▸ **Supplied information**
------------------------------------------------------------
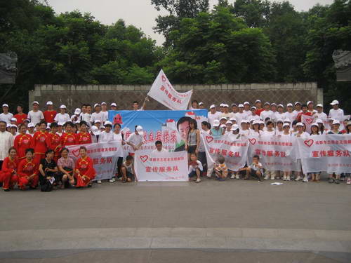 7月13日,成都市无偿献血宣传服务队在人民公园广场举行了暑期活动启动仪式。成都市血液中心党委书记尹丹妮、团市委志工部副部长宁可和成都信息工程学院团委书记丁云等出席了仪式。尹丹妮书记讲话高度评价了志愿者在无偿献血工作中的成绩和在抗震救灾中发挥的积极作用,希望大家再接再励、进一步作好工作。宁可部长宣布活动启动。
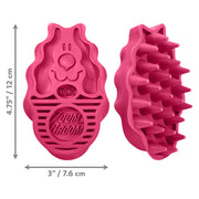 The KONG ZoomGroom™ helps make it easier to get your dogs clean. While shampooing use the ZoomGroom™ to clean your dogs’ coat. The 3/4 inch rubber fingers reach through the coat to massage the skin, stimulating capillaries and natural oil production leading to a healthy coat for your dog.
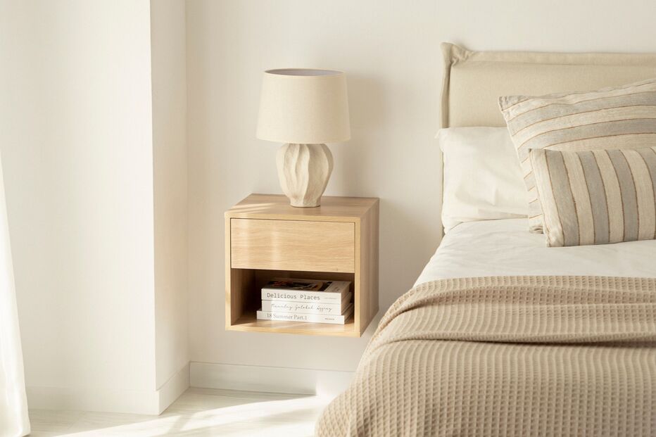 VER PREÇOPara quartos compactos, a mesa de cabeceira flutuante Harbor com 1 gaveta em madeira cor natural é uma escolha particularmente inteligente. Ao ser fixada na parede, liberta espaço no chão, cria uma sensação visual mais leve e ainda oferece arrumação suficiente para os essenciais da noite.
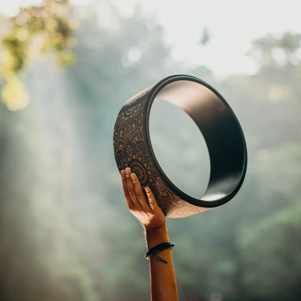 Experience the ultimate balance and strength with the True Balance Lab Combo Yoga Wheel in cork material. Featuring a beautiful mandala design in black, this wheel provides support and traction for deeper poses, aiding in improved flexibility and stability. Elevate your practice today.
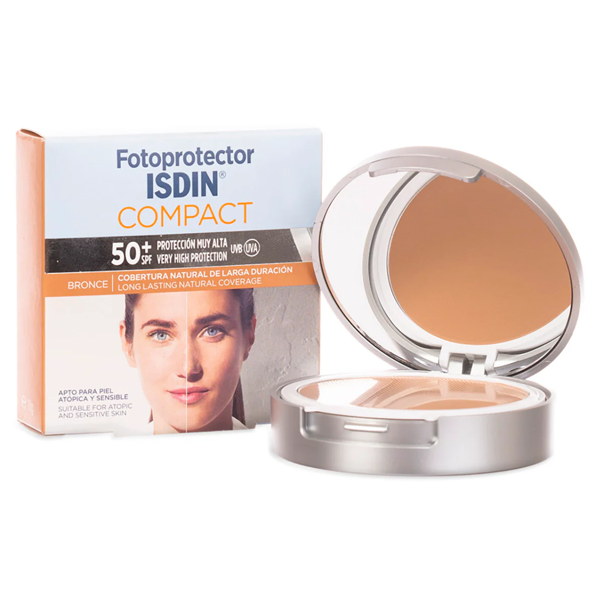 Fotoprotector compacto con color tono bronce FPS 50+ que combina muy alta protección solar con cobertura uniforme tipo maquillaje. Ayuda a disimular imperfecciones, unifica el tono de la piel y deja un acabado natural. Textura cremosa de fácil aplicación, ideal para retoques durante el día. Recomendado para todo tipo de piel, incluyendo piel sensible.
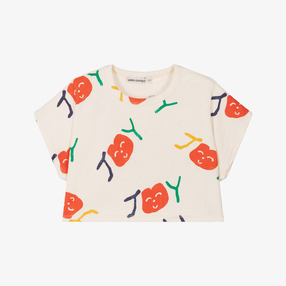 Ivory top for girls by Bobo Choses, made in lightly textured organic cotton for a gentle feel. This casual top has a comfortable round neck and a boxy fit. The smiling joy print is designed in a fun red, green and yellow colour palette.
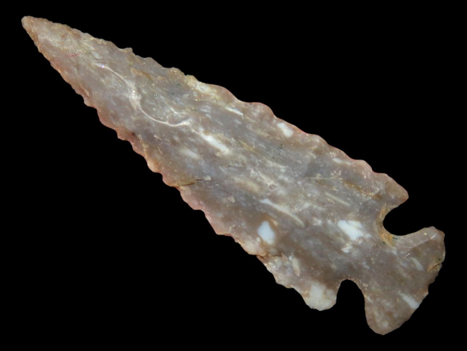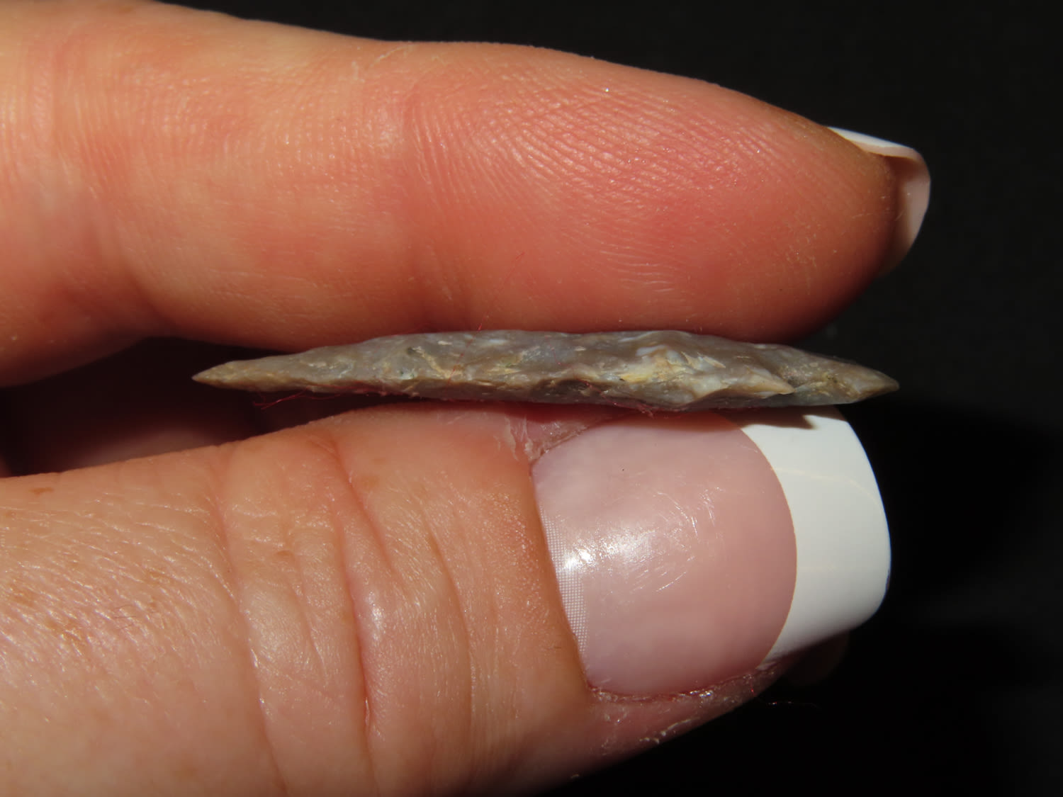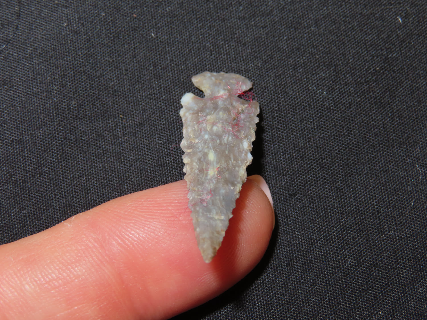 1 3/8″ x 7/16″ Scallorn. Material: Grey chert. From the Steve McCabe Collection, Milan, Sullivan County Missouri. COA: Ryan E. Keele
------------------------------------------------------------
▸ **Exercise instructions**
Every line above gets copied exactly; none of the pictures do.

▸ **Exercise answer**
 7月13日,成都市无偿献血宣传服务队在人民公园广场举行了暑期活动启动仪式。成都市血液中心党委书记尹丹妮、团市委志工部副部长宁可和成都信息工程学院团委书记丁云等出席了仪式。尹丹妮书记讲话高度评价了志愿者在无偿献血工作中的成绩和在抗震救灾中发挥的积极作用,希望大家再接再励、进一步作好工作。宁可部长宣布活动启动。
 The KONG ZoomGroom™ helps make it easier to get your dogs clean. While shampooing use the ZoomGroom™ to clean your dogs’ coat. The 3/4 inch rubber fingers reach through the coat to massage the skin, stimulating capillaries and natural oil production leading to a healthy coat for your dog.
 VER PREÇOPara quartos compactos, a mesa de cabeceira flutuante Harbor com 1 gaveta em madeira cor natural é uma escolha particularmente inteligente. Ao ser fixada na parede, liberta espaço no chão, cria uma sensação visual mais leve e ainda oferece arrumação suficiente para os essenciais da noite.
 Experience the ultimate balance and strength with the True Balance Lab Combo Yoga Wheel in cork material. Featuring a beautiful mandala design in black, this wheel provides support and traction for deeper poses, aiding in improved flexibility and stability. Elevate your practice today.
 Fotoprotector compacto con color tono bronce FPS 50+ que combina muy alta protección solar con cobertura uniforme tipo maquillaje. Ayuda a disimular imperfecciones, unifica el tono de la piel y deja un acabado natural. Textura cremosa de fácil aplicación, ideal para retoques durante el día. Recomendado para todo tipo de piel, incluyendo piel sensible.
 Ivory top for girls by Bobo Choses, made in lightly textured organic cotton for a gentle feel. This casual top has a comfortable round neck and a boxy fit. The smiling joy print is designed in a fun red, green and yellow colour palette.
 1 3/8″ x 7/16″ Scallorn. Material: Grey chert. From the Steve McCabe Collection, Milan, Sullivan County Missouri. COA: Ryan E. Keele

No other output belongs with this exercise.